São problemas antigos em novos mecanismos. Você pode achar que a sua batalha é mais difícil que a dos outros, e que no passado era mais fácil e que o presente se encaminha para um futuro trágico.
Que pode até ser verdade, só que ninguém pode ter certeza disso.
O que é claro para mim é a dor que eles descrevem ser a mesma que as pessoas me descrevem tanto aqui quanto no consultório.
Ainda que não tenhamos feito muito na direção de melhorar os problemas de mundo, andamos muito na direção de melhorar nossa relação com essas situações.
Eu já fiz dezenas de chats, bodes e textos aqui na bastter.com sobre esse assunto.
Se você não gosta do meu conteúdo, procure outro. Procure o que for melhor para você.

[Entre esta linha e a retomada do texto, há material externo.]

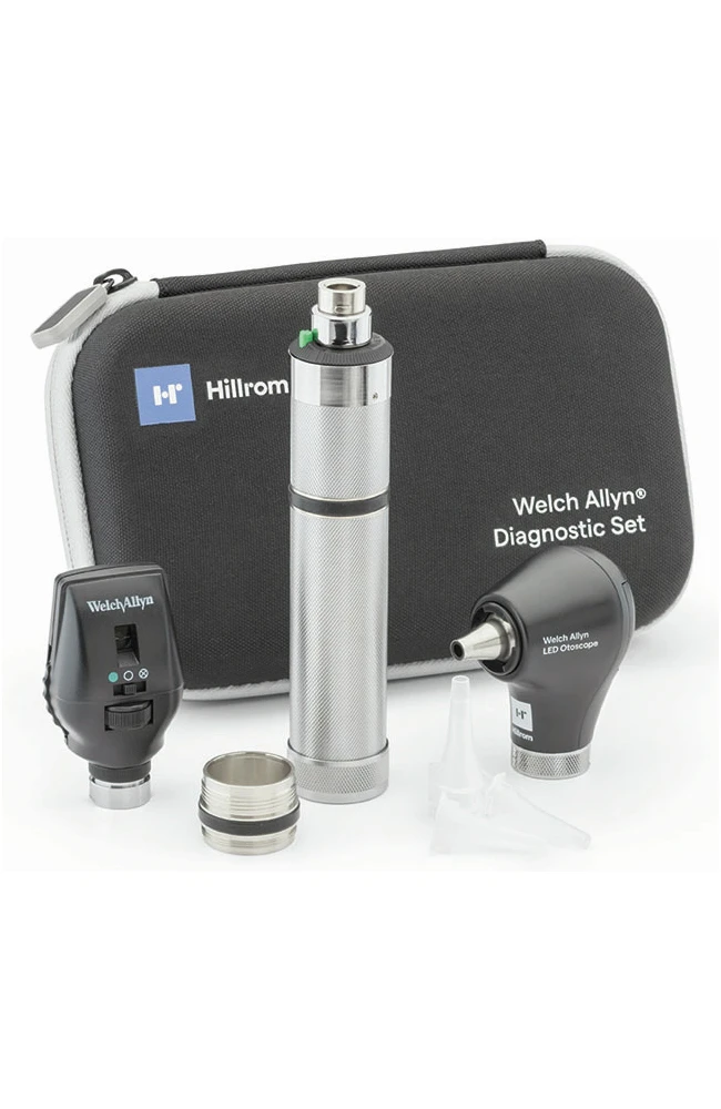 This Welch Allyn diagnostic set includes a Coaxial Ophthalmoscope, one basic diagnostic otoscope, a Nickel Cadmium Rechargeable Power Handle and a hard carrying case.

O melhor conteúdo do mundo não vai servir de nada para quem entregar integralmente a responsabilidade da própria vida para uma narrativa de um inimigo que nem existe.
Enquanto o discurso for sobre dopamina, redes sociais ou qualquer coisa que entregue a nossa responsabilidade sobre isso, continuaremos sendo a criança que justifica o erro que cometeu com o erro do coleguinha.
Tirando situações de miséria, o lugar mais próximo, mais disponível e com mais possibilidade de mudança está em nós mesmos.
Se mudar a si parece impossível, que chance você de tentar mudar o mundo?